_WORK TO BE COMPLETED:_ Exact transcription begins at the first line of the material below and ends with the line holding "ramienia | 100º |"; pictures are skipped.

_ENTRIES SUPPLIED:_
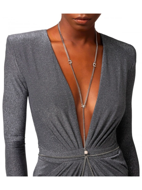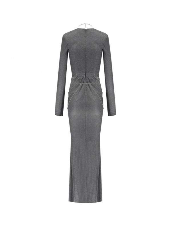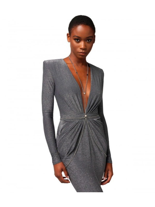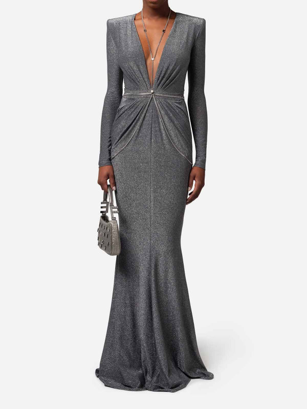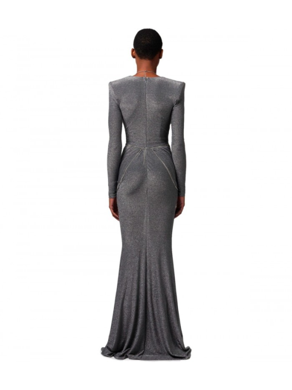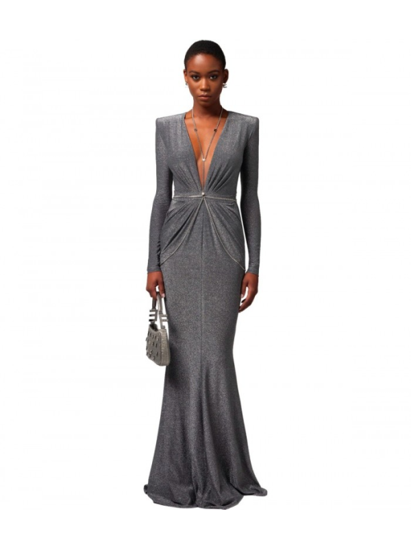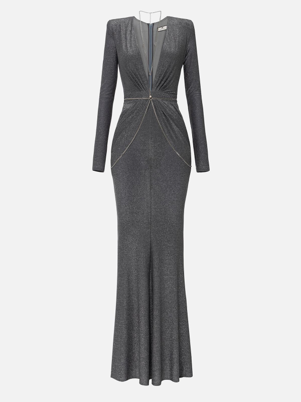 Ženska ELISABETTA FRANCHI red carpet haljina izrađena od lurex žerseja u nijansama tamno sive boje.
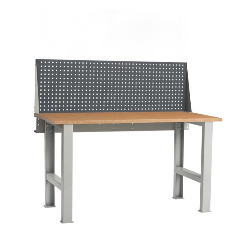Столешница установлена на опоры. На верстак установлен перфорированный экран. На экран с помощью зацепов навешиваются аксессуары. Шаг перфорации экрана 35 мм.
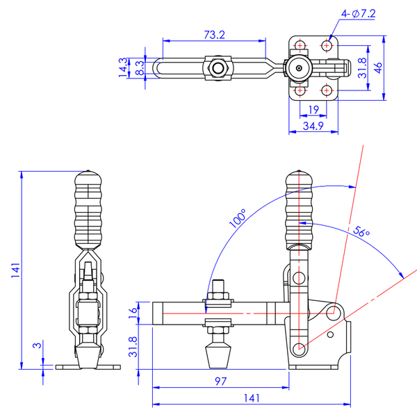 | Kąt odchylenia ramienia | 100º |
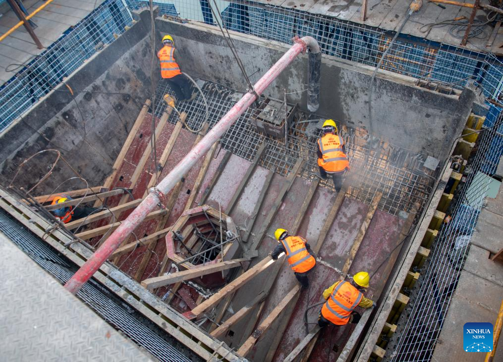 Laborers work at the construction site of Zhongxiang Hanjiang grand bridge in Jingmen, central China's Hubei Province, April 16, 2024. The No. 316 main tower of Zhongxiang Hanjiang grand bridge was successfully capped on Tuesday. The grand bridge is a key project of the Wuhan-Yichang section of a high-speed railway linking east China's Shanghai, southwest China's Chongqing and Chengdu of southwest China's Sichuan Province. (Xinhua/Du Zixuan)
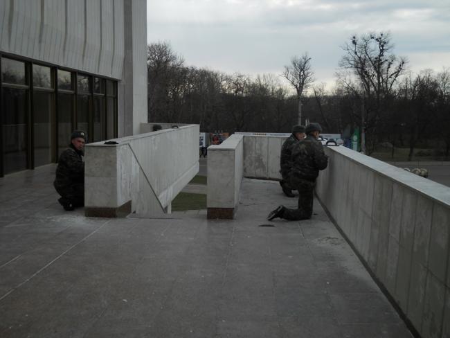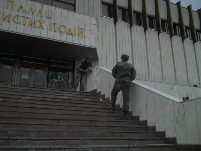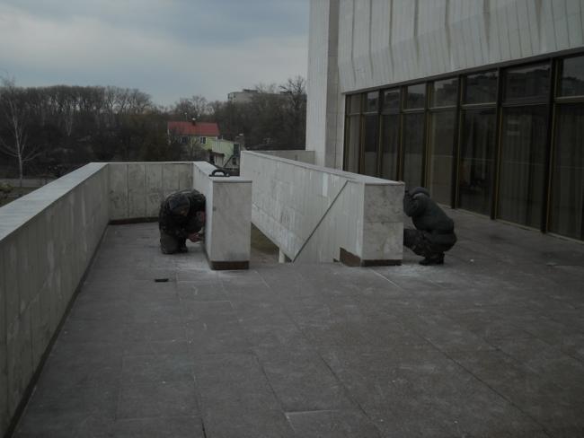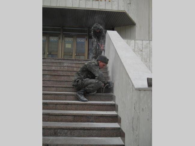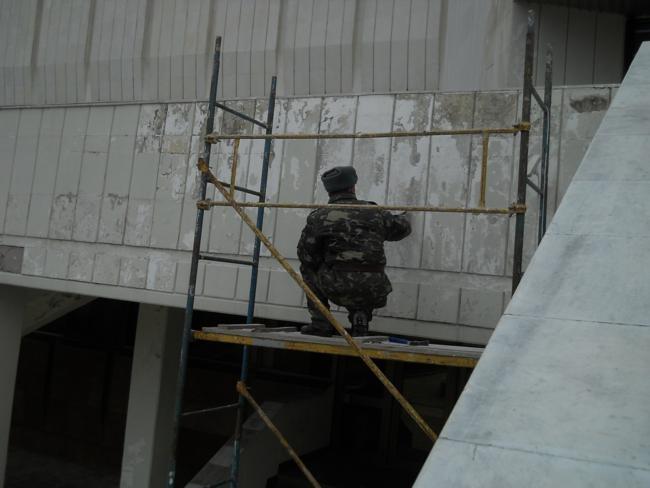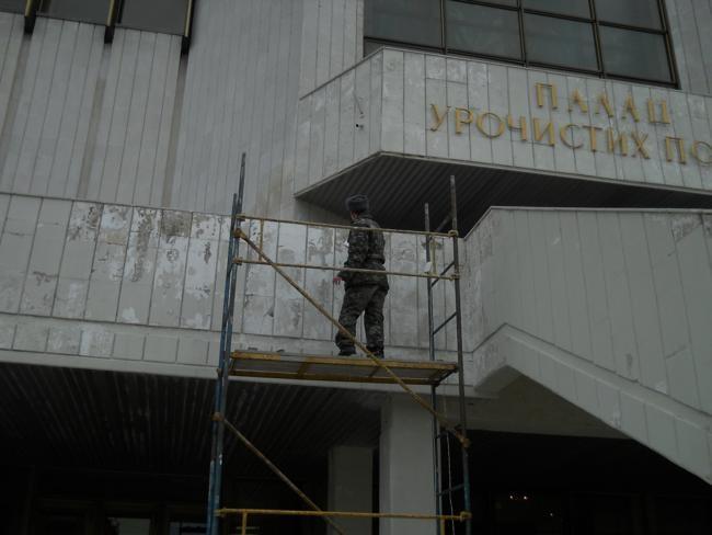 На другой день, опять проезжая мимо, обратил внимание, что главными действующими лицами по приведению дворца в порядок, являются солдаты. Работа идет полным ходом. Достал фотоаппарат и подошел поближе. Парни в солдатской форме заработали еще старательнее и сосредоточеннее.

_WRITTEN ANSWER:_
 Ženska ELISABETTA FRANCHI red carpet haljina izrađena od lurex žerseja u nijansama tamno sive boje.
Столешница установлена на опоры. На верстак установлен перфорированный экран. На экран с помощью зацепов навешиваются аксессуары. Шаг перфорации экрана 35 мм.
 | Kąt odchylenia ramienia | 100º |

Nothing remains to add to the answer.